Information supplied »
----------

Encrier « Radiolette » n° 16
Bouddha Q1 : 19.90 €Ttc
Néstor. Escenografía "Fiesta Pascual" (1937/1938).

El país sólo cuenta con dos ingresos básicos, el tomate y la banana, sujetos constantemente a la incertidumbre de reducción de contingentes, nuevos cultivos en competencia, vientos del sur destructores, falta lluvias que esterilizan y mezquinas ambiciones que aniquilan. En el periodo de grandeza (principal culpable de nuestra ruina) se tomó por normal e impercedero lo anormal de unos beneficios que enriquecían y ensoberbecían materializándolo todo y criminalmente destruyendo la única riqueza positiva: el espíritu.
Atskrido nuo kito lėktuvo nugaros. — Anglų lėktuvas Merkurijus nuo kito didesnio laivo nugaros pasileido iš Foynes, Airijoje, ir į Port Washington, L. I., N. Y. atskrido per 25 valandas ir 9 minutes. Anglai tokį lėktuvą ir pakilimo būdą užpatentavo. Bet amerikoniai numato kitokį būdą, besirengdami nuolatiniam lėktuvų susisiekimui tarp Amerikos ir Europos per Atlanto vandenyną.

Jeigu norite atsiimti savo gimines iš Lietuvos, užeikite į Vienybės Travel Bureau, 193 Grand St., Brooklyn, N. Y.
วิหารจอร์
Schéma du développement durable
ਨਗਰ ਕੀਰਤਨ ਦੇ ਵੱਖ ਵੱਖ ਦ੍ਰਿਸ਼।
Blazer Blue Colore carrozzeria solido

----------

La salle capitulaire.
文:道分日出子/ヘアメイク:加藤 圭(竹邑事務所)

----------

Problem requirements » Every line above from the line with "Atskrido nuo kito" to the line with "Blazer Blue Colore carrozzeria solido", inclusive, must be returned exactly; no other line belongs in the reply.

Result »
Atskrido nuo kito lėktuvo nugaros. — Anglų lėktuvas Merkurijus nuo kito didesnio laivo nugaros pasileido iš Foynes, Airijoje, ir į Port Washington, L. I., N. Y. atskrido per 25 valandas ir 9 minutes. Anglai tokį lėktuvą ir pakilimo būdą užpatentavo. Bet amerikoniai numato kitokį būdą, besirengdami nuolatiniam lėktuvų susisiekimui tarp Amerikos ir Europos per Atlanto vandenyną.

Jeigu norite atsiimti savo gimines iš Lietuvos, užeikite į Vienybės Travel Bureau, 193 Grand St., Brooklyn, N. Y.
วิหารจอร์
Schéma du développement durable
ਨਗਰ ਕੀਰਤਨ ਦੇ ਵੱਖ ਵੱਖ ਦ੍ਰਿਸ਼।
Blazer Blue Colore carrozzeria solido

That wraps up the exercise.